If you want to see the source tables and footnotes, open the hospital’s annual report and the linked combined audit. The pages show the same totals and the split between restricted and unrestricted funds.
What Net Assets Do Not Mean
Net assets are not a checkbook balance. They include buildings, long-term investments, and funds that donors have locked to named uses. Liquidity comes from cash, short-term holdings, and a draw policy that smooths spending through market swings. That setup lets the hospital keep care free for families while it runs trials that may not bring in large insurance payments.
The number also does not imply idle cash. A large share is already committed to care, research, and capital projects approved by the board. Endowment rules and donor instructions shape timing and use. The combined report and notes outline those gates in plain terms.

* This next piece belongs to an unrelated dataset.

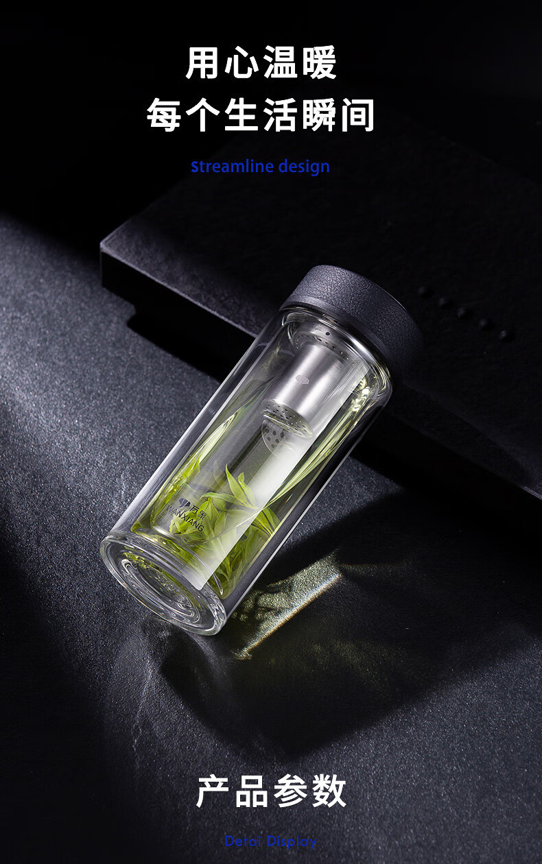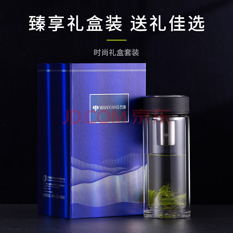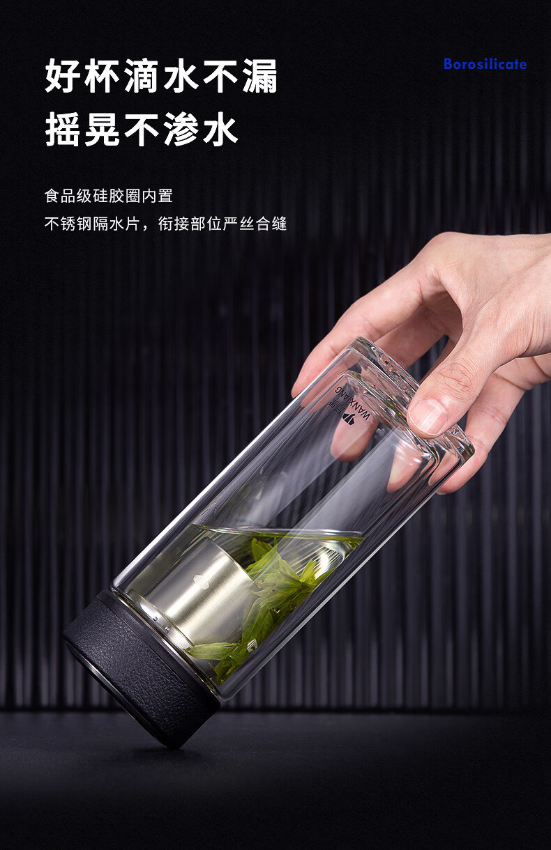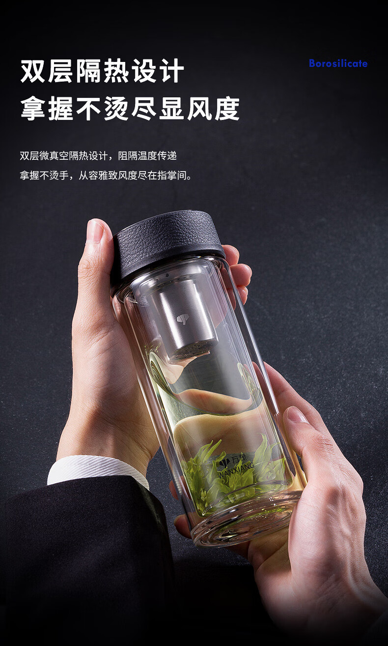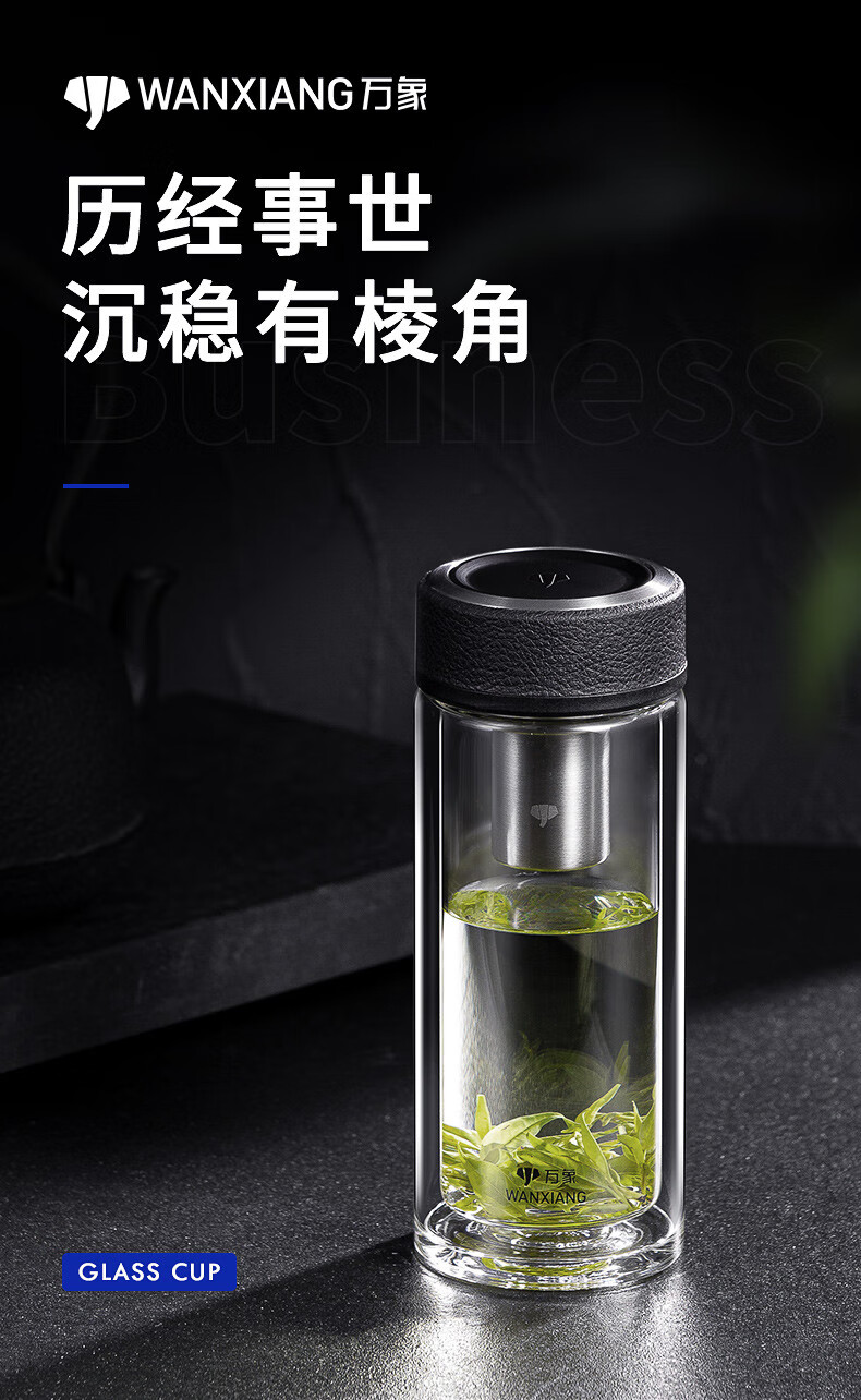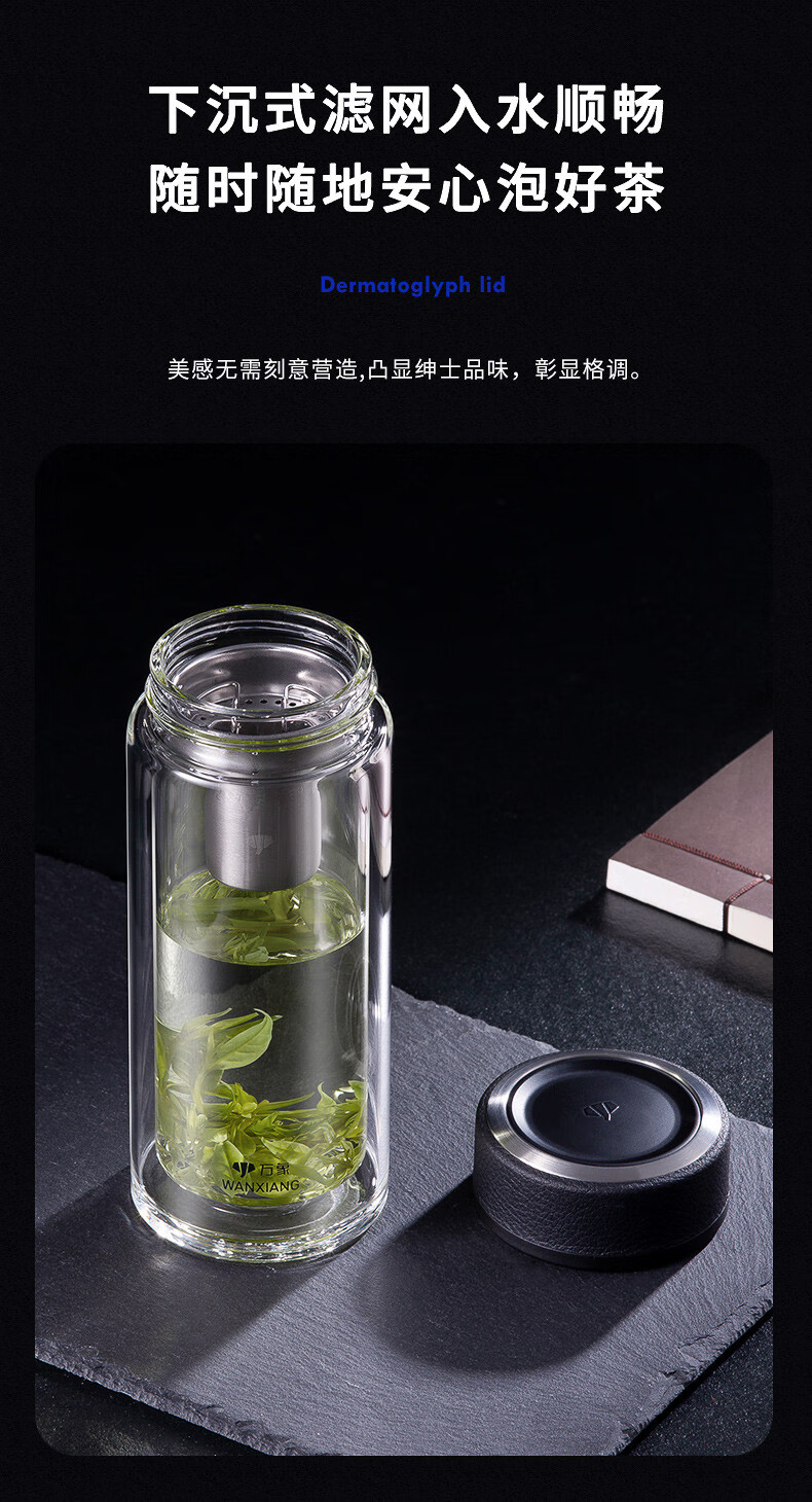 万象(WANXIANG) 玻璃杯商务便携直身办公室双层玻璃杯居家车载耐热带滤网茶杯 V19SL-皮纹黑

How To Read The Tables Fast
Scan the statement of financial position for the four anchors: cash and equivalents, investments, property and equipment, and total liabilities. Then jump to the net assets section to see the split between with and without donor restrictions. On the activities statement, look for program services, then management and fundraising. Those lines tell you where dollars go in practice.
Next, skim the notes for the endowment policy, spending rate, and any large capital projects. If you have two minutes, that path gives a clean view of capacity, stability, and mission pace.
Limits, Dates, And Plain-English Disclaimers
This article quotes audited numbers as of a specific date and keeps wording plain. It does not offer tax or legal advice. If you need personal guidance, speak with your advisor using the source links for context. For news items, leadership changes at ALSAC, and big program launches, check current releases from reputable outlets, then return to the audit for the hard numbers.